The key: Steve Jobs’ famous “Reality Distortion Field” (RDF).
“Perception is 98% of the game,” says Cook. “I just need people to believe me like they believed Steve.”
And therein lies the challenge. While Steve Jobs’ RDF had an effective range of over 12,000 miles, Cook’s RDF was last measured at a modest 25 feet. Hardly enough to convince people on a global scale.
But look for that to change.
Cook has ordered all new product development at Apple suspended so that his engineers can focus on building an effective RDF amplifier that will compensate for the meager RDF he was born with.
When Cook’s RDF approaches Jobs-level effectiveness, it will no longer matter if Apple is keeping up with competitors. Cook can simply say it is.

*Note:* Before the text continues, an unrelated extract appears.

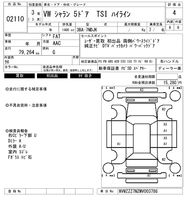 Volkswagen SHARAN с аукциона Японии ARAI Bayside лот № 2110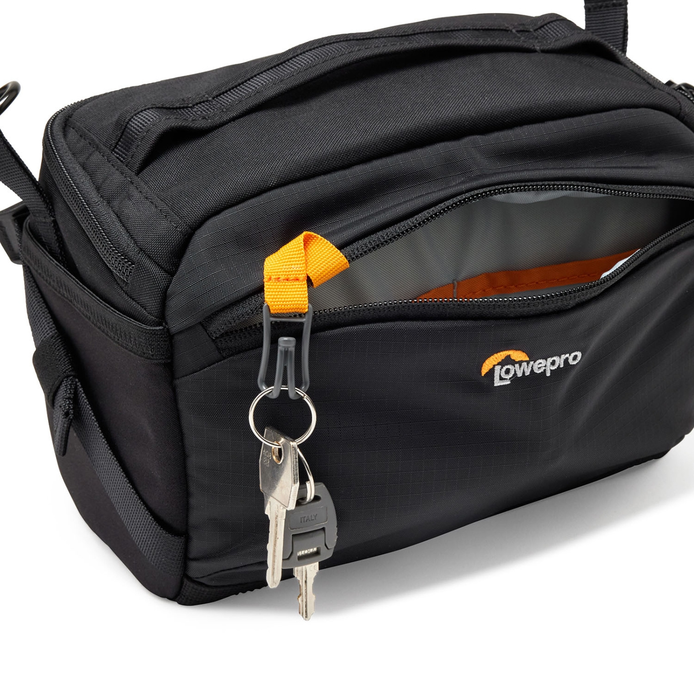 Med innovative adgangs- og organiseringsfunktioner har tasken strækbare lommer til objektivdæksler eller All Weather Cover, en frontlomme med blød volumen med nøglesnor og organiseringslommer samt en lynlåslomme på forsiden. Bagsiden har en flad, polstret lomme til ekstra opbevaring, så alt dit udstyr er pænt organiseret og let tilgængeligt.

Progress is being made daily. While early models required Cook to wear a NASA-style air-cooled suit tethered to an electronics-laden wheelbarrow, more recent models have been reduced to the size of a small backpack.
Apple believes a workable Tim Cook Reality Distortion Field will become operational by early 2015.
“We’re going to stick to the schedule on this,” says Cook. “So our customers will only have to endure bitter disappointment, loss of hope and plunging stock prices for one more year.”
To this reporter, that seemed perfectly believable. Which just may mean that Cook’s RDF is getting stronger.